> [WHAT TO PRODUCE] Below are the records; give again exactly the lines from the one containing "They really loved shopping for Toys for Tots" through the one containing "Stand-up comedy by Big Van (Spain)", leaving out pictures.

______

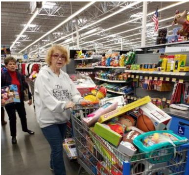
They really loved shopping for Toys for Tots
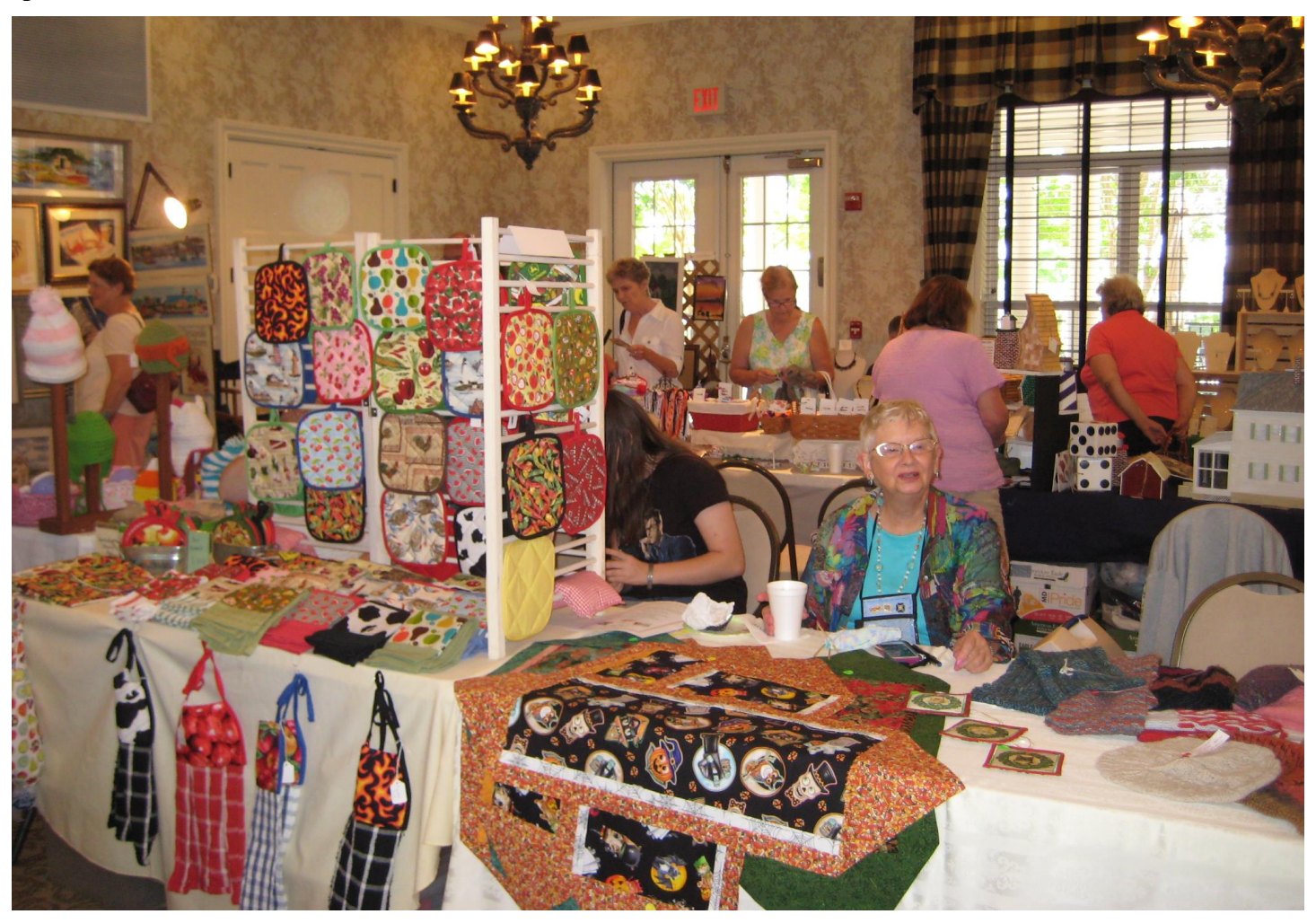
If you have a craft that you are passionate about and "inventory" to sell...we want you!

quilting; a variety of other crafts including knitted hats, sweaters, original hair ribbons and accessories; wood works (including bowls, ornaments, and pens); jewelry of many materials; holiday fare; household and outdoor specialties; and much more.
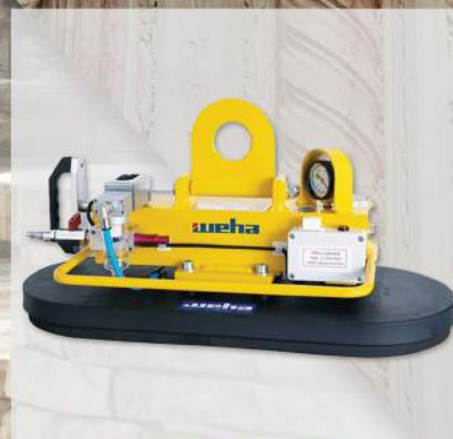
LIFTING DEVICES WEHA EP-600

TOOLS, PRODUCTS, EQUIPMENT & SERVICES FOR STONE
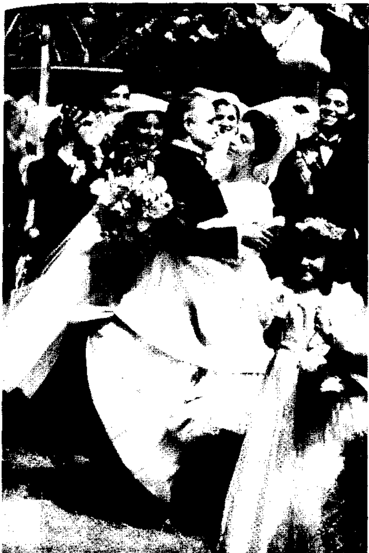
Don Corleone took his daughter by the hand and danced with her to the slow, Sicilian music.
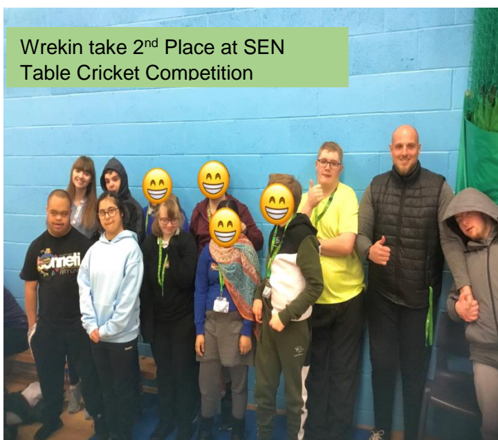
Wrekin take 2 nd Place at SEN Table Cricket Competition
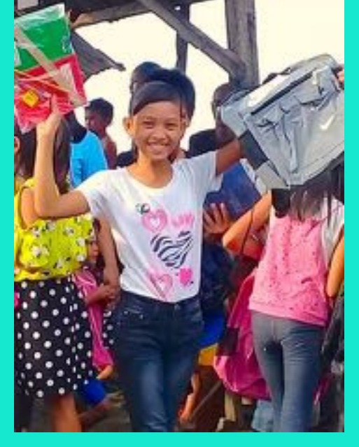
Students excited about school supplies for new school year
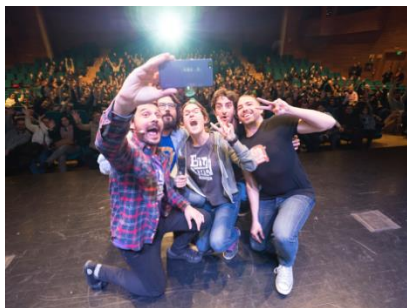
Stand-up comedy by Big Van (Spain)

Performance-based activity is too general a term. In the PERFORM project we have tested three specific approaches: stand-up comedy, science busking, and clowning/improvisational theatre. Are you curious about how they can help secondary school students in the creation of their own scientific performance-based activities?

______

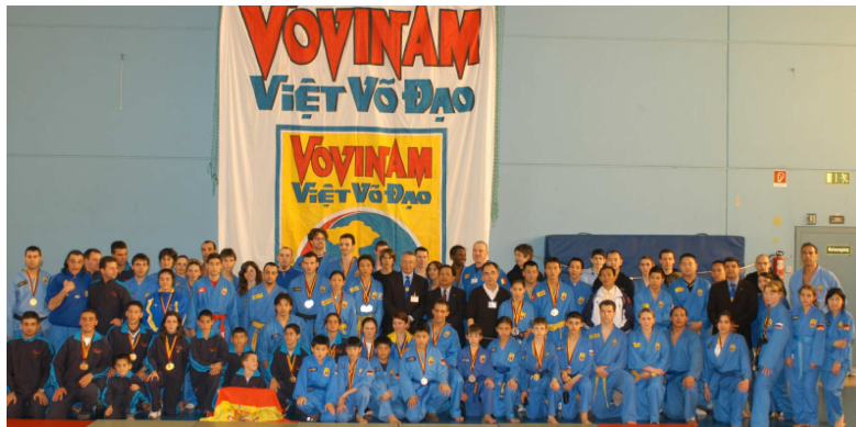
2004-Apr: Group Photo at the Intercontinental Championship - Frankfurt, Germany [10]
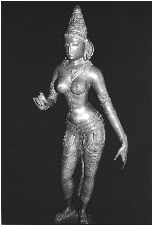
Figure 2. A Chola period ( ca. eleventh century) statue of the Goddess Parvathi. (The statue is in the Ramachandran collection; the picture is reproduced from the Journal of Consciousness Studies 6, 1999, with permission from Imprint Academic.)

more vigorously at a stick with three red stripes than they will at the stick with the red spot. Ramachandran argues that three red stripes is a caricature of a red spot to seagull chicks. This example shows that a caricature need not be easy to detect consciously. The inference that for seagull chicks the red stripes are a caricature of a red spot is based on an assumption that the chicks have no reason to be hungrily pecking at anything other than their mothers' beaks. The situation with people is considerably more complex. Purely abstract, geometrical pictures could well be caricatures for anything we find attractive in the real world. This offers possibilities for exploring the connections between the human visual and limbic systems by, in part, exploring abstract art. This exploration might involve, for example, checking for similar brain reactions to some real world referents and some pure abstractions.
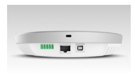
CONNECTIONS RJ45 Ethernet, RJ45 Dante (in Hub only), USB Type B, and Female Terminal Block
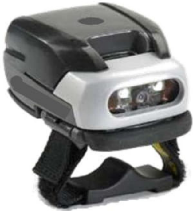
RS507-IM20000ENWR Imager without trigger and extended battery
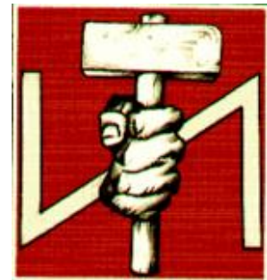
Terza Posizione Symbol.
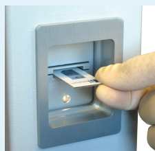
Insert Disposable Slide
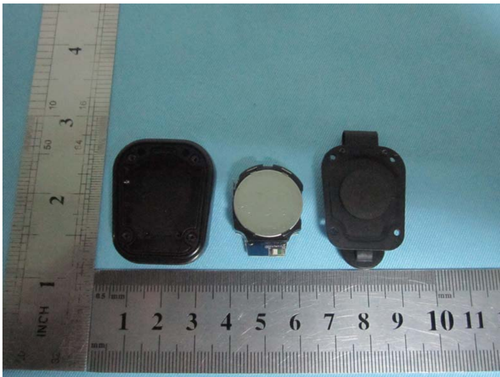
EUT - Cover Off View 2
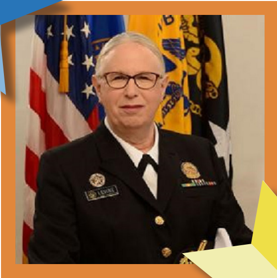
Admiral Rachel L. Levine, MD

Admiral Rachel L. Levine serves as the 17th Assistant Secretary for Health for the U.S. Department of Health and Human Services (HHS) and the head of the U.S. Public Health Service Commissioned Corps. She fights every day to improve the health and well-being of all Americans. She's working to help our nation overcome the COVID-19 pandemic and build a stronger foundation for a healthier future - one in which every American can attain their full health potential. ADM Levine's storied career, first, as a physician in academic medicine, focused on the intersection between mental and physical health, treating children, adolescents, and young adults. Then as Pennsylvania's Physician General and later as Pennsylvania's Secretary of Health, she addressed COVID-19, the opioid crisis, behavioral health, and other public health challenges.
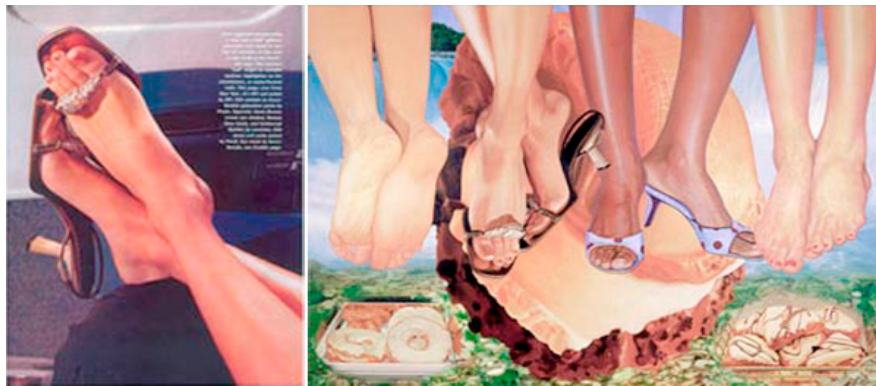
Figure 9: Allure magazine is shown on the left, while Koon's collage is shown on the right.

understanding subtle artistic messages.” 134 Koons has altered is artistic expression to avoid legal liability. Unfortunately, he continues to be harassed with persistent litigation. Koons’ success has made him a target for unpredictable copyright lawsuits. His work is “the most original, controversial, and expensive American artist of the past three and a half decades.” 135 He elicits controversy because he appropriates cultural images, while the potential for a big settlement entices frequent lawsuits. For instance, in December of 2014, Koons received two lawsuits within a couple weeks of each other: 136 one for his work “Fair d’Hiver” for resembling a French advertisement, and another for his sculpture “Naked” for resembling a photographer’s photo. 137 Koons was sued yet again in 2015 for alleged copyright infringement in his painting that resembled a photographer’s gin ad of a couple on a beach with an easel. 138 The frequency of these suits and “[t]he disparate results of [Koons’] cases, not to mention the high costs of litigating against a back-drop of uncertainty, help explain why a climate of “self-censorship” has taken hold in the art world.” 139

______

> [EXPECTED ANSWER]
They really loved shopping for Toys for Tots
If you have a craft that you are passionate about and "inventory" to sell...we want you!

quilting; a variety of other crafts including knitted hats, sweaters, original hair ribbons and accessories; wood works (including bowls, ornaments, and pens); jewelry of many materials; holiday fare; household and outdoor specialties; and much more.
LIFTING DEVICES WEHA EP-600

TOOLS, PRODUCTS, EQUIPMENT & SERVICES FOR STONE
Don Corleone took his daughter by the hand and danced with her to the slow, Sicilian music.
Wrekin take 2 nd Place at SEN Table Cricket Competition
Students excited about school supplies for new school year
Stand-up comedy by Big Van (Spain)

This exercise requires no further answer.